One reform that I would propose in Idaho would be requiring that the information from a pre-litigation hearing be an element discussed and presented to the court. Although current laws for malpractice torts requires a pre-litigation hearing but the information is not provided to the jury within Idaho. (Medical Malpractice Reform Statutes in Idaho lecture capture, minutes 2:003:00). I feel that per-litigation information is additional evidence and expert testimony that should be used in court. Since pre-litigation sorts through much of the evidence I think that it would paint a clear and non-bias picture for a jury without having a lawyer in front of them potentially trying to sway a verdict one way or another. For Ms. Apple the addition of this reform would provide clear and precise evidence about her case. It would also additional expert information that is non-bias and non-sympathetic to either her case or to either of the physicians. In addition to this it would provide clear evidence of the neglect by Dr. Pomegranate without having an emotional appeals provided by an attorney. In knowing that this reform was in place may force a settlement before the trial to avoid having additional convincing evidence exposed that could convict the doctor. With this proposal providers would fulfill their ethical obligations to patients by increasing the scope of disclosure and respect for autonomy for patients. By including pre litigation hearing information physicians may way to increase their scope of disclosure and respect for autonomy for their patients because anything that is not told to a patient could be determined during this pre hearing process. Physicians need to evaluate all results and exams done on patients to disclose important information and they may pay closer attention to avoid errors and a potential lawsuit (Clinical Ethics, pp.47, 54-57).

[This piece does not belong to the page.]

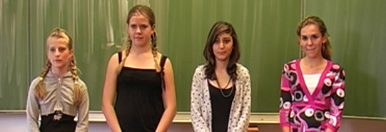 Vier Schülerinnen der Klasse mit vier verschiedenen Muttersprachen sagen hintereinander Sätze in den Übersetzungen ihrer Sprache (deutsch, polnisch, russisch, kurdisch)...
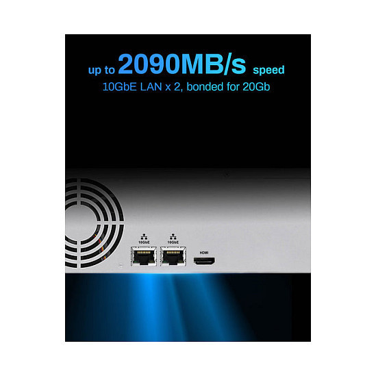 20Gb Lightning-Fast Throughput: The U12-500 Plus NAS server features dual 10GbE Ethernet ports, offering up to 20Gbps bandwidth. With SMB multichannel support, it achieves up to 2090MB/s sequential write speeds and 450MB/s 4K random read/write speeds. This performance ensures seamless image and video handling, making it perfect for film production, post-production, and high-demand virtualized environments.

Physicians would better communicate all necessary information knowing that it could be used as raw evidence in a hearing and patient satisfaction would rise because they want truthful communication.
Essay #3 Word Count: 294

Noneconomic damage is money that is paid out and awarded for pain and suffering, emotional damages, or loss in quality of life that are caused by an incident. These incidents are not just related to medical malpractice but can range from incidents occurring from auto or plane accidents, traumatic injuries, or even animal bites. (Idaho Tort and Medical Malpractice Reform Slides, slide 12). In contrast, economic damages are monies that are awarded because of financial hardships that are suffered from an incident. In 2003 the State of Idaho set a cap of $250,000 that can be awarded to a plaintiff in any tort case, including malpractice. This amount is adjusted for inflation and was raised to $313,000 in 2012. Under certain conditions this cap will not apply and this includes incidents where the defendant is considered to be reckless or

willful or the crime is considered a felony (Idaho Tort and Medical Malpractice Reform Notes, point 13). In the State of Idaho I would not propose any changes to the current tort law for noneconomic damages. The cap for noneconomic damages was put into place for a reason and this was to protect individuals. I think that plaintiffs in many cases can use their attorneys to manipulate the system in an attempt to gain more money than they should actually receive. I do not want to discount the fact that emotional damages can be created from many incidents, but there are times when both economic damages and noneconomic damages are awarded for a cases and this can be a substantial amount of money. I think in a variety of cases the large sums of money that are paid out for compensation can exceed amount of emotional damages that are actually caused by an incident.